Lund ex rel. Wilbur v. Pratt, 308 A.2d 554, 557 (Me.1973); see Conn. v. United States, 366 F.2d 1019, 1021 (Ct.Cl.1966) ("It is now settled that the descriptive label affixed to a claim for pleading purposes is not determinative of its real nature."). This pleading does not expressly refer to the caption. Thus, it appears that the original complaint raised only the issue of dischargeability of specific debts.

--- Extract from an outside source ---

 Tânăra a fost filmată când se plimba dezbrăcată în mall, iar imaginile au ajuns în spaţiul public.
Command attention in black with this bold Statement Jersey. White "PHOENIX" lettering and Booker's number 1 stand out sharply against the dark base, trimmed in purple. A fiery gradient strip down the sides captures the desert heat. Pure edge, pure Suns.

In response to the court's order to amend, the plaintiff has filed an amended complaint *902 which proposes, inter alia, to add to the relief requested in the original complaint the following: "WHEREFORE, Plaintiff respectfully requests that Defendant Charles H. Warren be denied a discharge in bankruptcy. . . ." The issues currently before the court are (1) whether the original complaint was timely filed, and (2) whether to permit plaintiff to amend the complaint in the manner described above.
Defendant contends that to be timely filed, the complaint had to have been filed with the court before the close of business on September 23, 1981 (i.e., before 5:00 p.m.). Defendant argues, that filing at 5:55 p.m. on September 23rd was untimely. Bankruptcy Rule 501(a), however, states in part: "The courts of bankruptcy shall be deemed always open for the purpose of filing any pleading. . . ." Because plaintiff's complaint was, in fact, filed on September 23rd (the last day for filing complaints to dischargeability of debts), it was timely filed. See generally 12 C. Wright and A. Miller, Federal Practice and Procedure, § 3081 (1973) (discussing Fed.R.Civ.P. 77(a)).

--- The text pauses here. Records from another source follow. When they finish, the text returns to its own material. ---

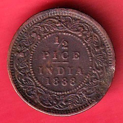 BRITISH INDIA 1888 GEORGRE VI KING 1/2 PICE COPPER COIN - oo4030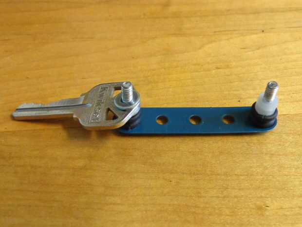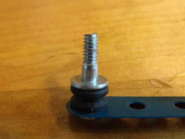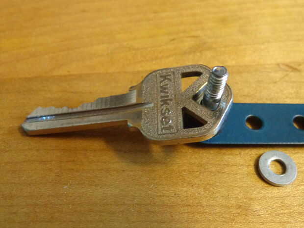 Para este paso, vas a necesitar las dos arandelas y su clave. Coloque una arandela en el tornillo de la izquierda. A continuación, poner la clave y la segunda arandela en la parte superior. Compruebe la última foto de este paso para asegurarse de que todo se apilan correctamente a partir de ahora.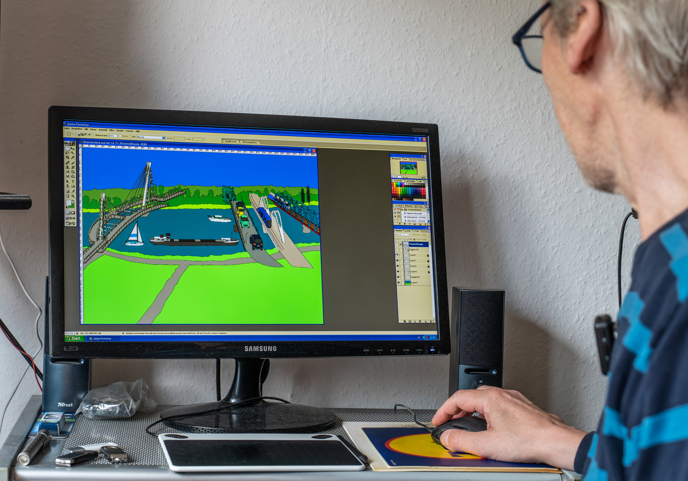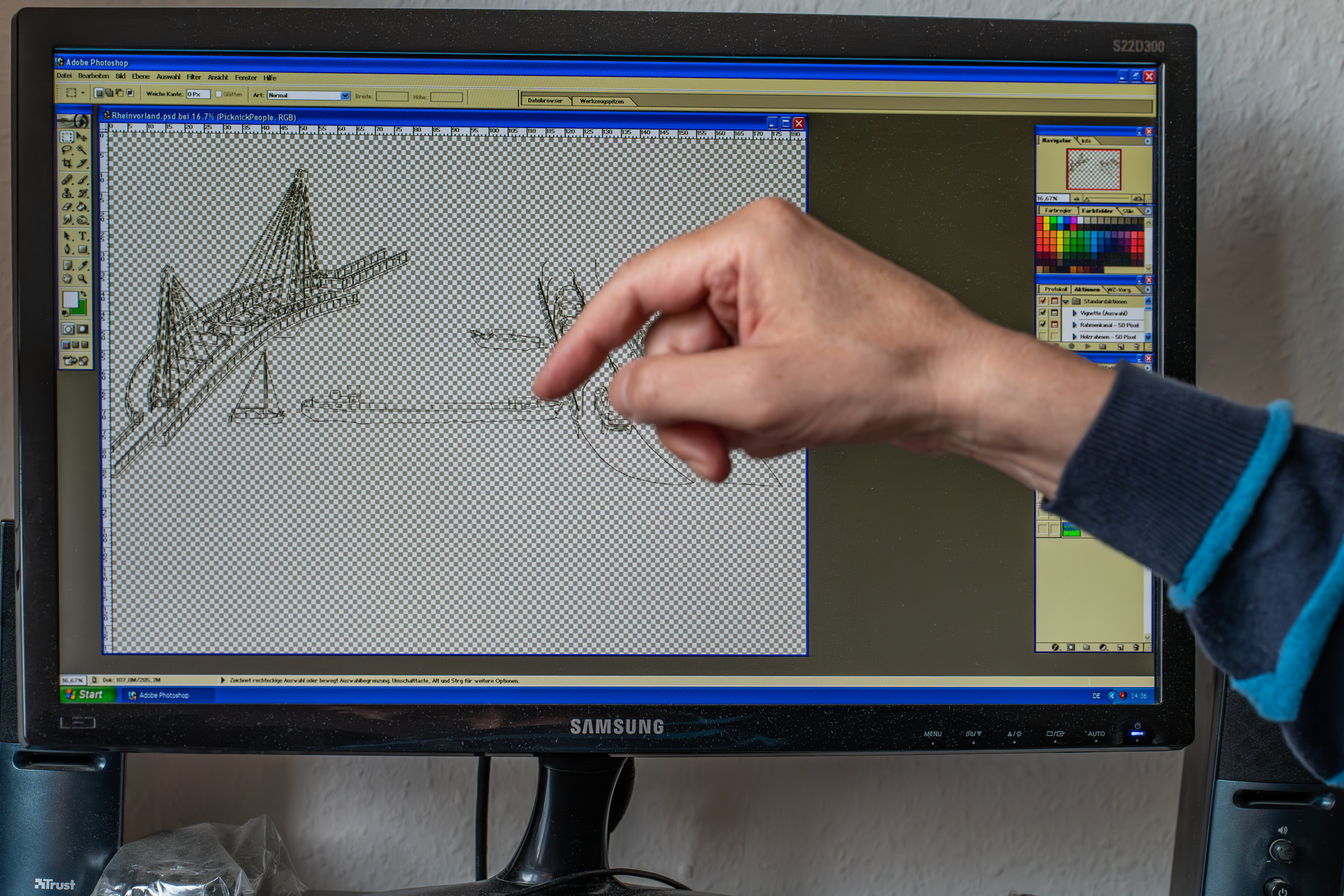 In den Fastnachtsferien hat Michael Dreilich, der an vier Schulen in Kehl, Baden-Baden und Iffezheim als externe Lehrkraft Musik unterrichtet, mit dem Zeichnen begonnen, inzwischen ist das Titelbild fertig – die Nepomuk-Kirche mit Altrhein und Seebühne, wo passender Weise gerade eine Veranstaltung des Kultursommers stattfindet. Der Kehler Teil des Gartens der zwei Ufer mit den vier Brücken ist ebenfalls schon weit gediehen; auf der Wiese sitzen bereits Menschen beim Picknick, Kinder spielen Ball oder fahren Skateboard. Ein Junge und ein Mädchen, die – meist gemeinsam – mit ihrem Board unterwegs sind, gehören zu den Figuren, die gefunden werden wollen. Mehr als Hundert Personen tummeln sich bereits. Alle hat Michael Dreilich zunächst schwarz-weiß gezeichnet, dann freigestellt, im Bild platziert und dann coloriert. Nur kurz hat er den Versuch unternommen, die Frauen, Männer und Kinder von KI zeichnen zu lassen und die Ergebnisse gleich wieder verworfen: Die Gesichter waren zu schematisch und gleichförmig.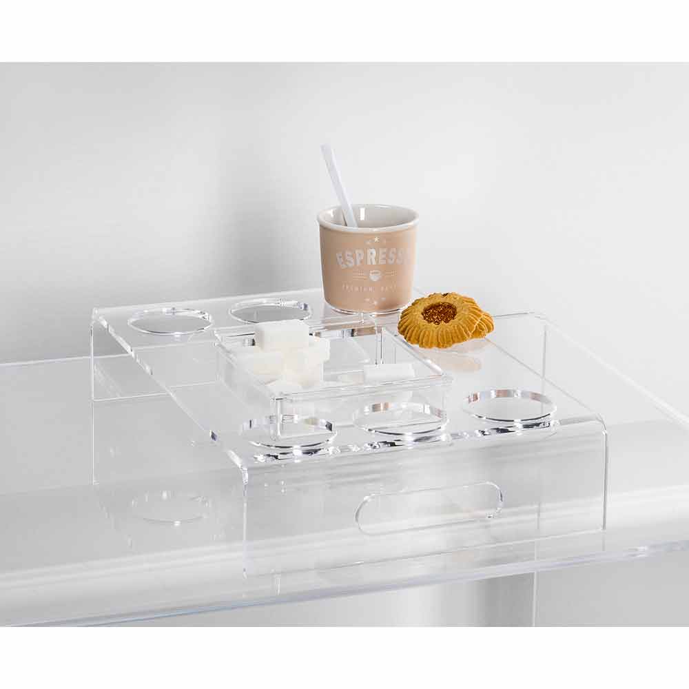 2 przezroczyste tace z pleksi na kawę na 6 lub 8 szklanek, wykonane we Włoszech.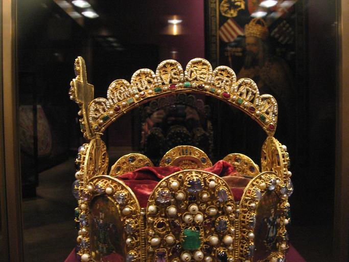 | Keywords: Weltliche Schatzkammer Wien (176).JPG Die Reichskrone Westdeutsch 2 H 10 Jahrhundert; das Kronenkreuz einer Hinzufügung des frühen 11 Jahrhunderts; der Bügel aus der Zeit Kaiser Konrads II 1024-1039 ; die rote Samthaube aus dem 18 Jahrhundert Gold Email Zellenschmelz Edelsteine Perlen Stirnplatte H 14 9 cm B 11 2 cm ; Kronenkreuz H 9 9 cm SK Inv -Nr XIII 1 The Imperial Crown Western Germany 2nd half of the 10th century The cross is an addition from the early 11th century; the arch dates from the reign of Emperor Conrad II ruled 1024-1039 ; the red velvet cap is from the 18th century Gold cloisonné enamel precious stones pearls Brow plate H 14 9 cm W 11 2 cm; cross H 9 9 cm SK Inv No XIII 1 Own 2007-10 MyName Gryffindor part of panorama Weltliche Schatzkammer Wien 176 pano jpg Secular and Ecclesiastical Treasury |

Pursuant to Bankruptcy Rule 715, a party may amend a pleading after responsive pleadings have been served only by leave of court or by written consent of the adverse party. No written consent has here been given, and the leave of court to amend granted at the pretrial conference was to permit deletion of references to objections to discharge, not to add such references. The court is aware that leave to amend should be freely given when justice so requires. See Bankruptcy Rule 715; Fed.R. Civ.P. 15(a). Here, however, it would be unjust to the debtor to permit the requested amendment. As discussed above, the original pleading did not state a claim under 11 U.S.C. § 727, and the relief sought did not include denial of debtor's discharge. To permit the plaintiff to amend the complaint to request such relief would be tantamount to extending the time for filing a complaint objecting to discharge by over eight months. Such an extension could not be granted without a showing of excusable neglect,[2] and plaintiff has made no such showing. Justice does not require this court to permit the plaintiff to do indirectly what she could not do directly.[3] Plaintiff will not be permitted to amend the complaint so as to request denial of the debtor's discharge.
Enter order.
NOTES
[1] Plaintiff requested the following relief in her complaint:
WHEREFORE, Plaintiff respectfully requests this Court to Order that said alimony judgment be held nondischargeable, along with all accrued interest; that Damariscotta Bank and Trust Company satisfy any indebtedness remaining after the sale of said vessel by resort to other assets of the Debtor; that the Debtor indemnify Plaintiff for any amounts for which she is liable to Damariscotta Bank and Trust Company and that said obligation to indemnify not be discharged; that Plaintiff be granted leave to amend this Complaint should it be deemed insufficient in any respect; that a hearing be held upon such notice as this Court deems just and proper.
[2] Bankruptcy Rules 404(c), 906(b); see In re Gideon, 17 B.R. 826 (Bkrtcy.D.Me.1982) (discussing extending the time for filing a complaint for dischargeability of a specific debt).
[3] In addition, the plaintiff may well have waived her objections to discharge at the pretrial conference. See Bankruptcy Rule 716; Fed.R.Civ.P. 16.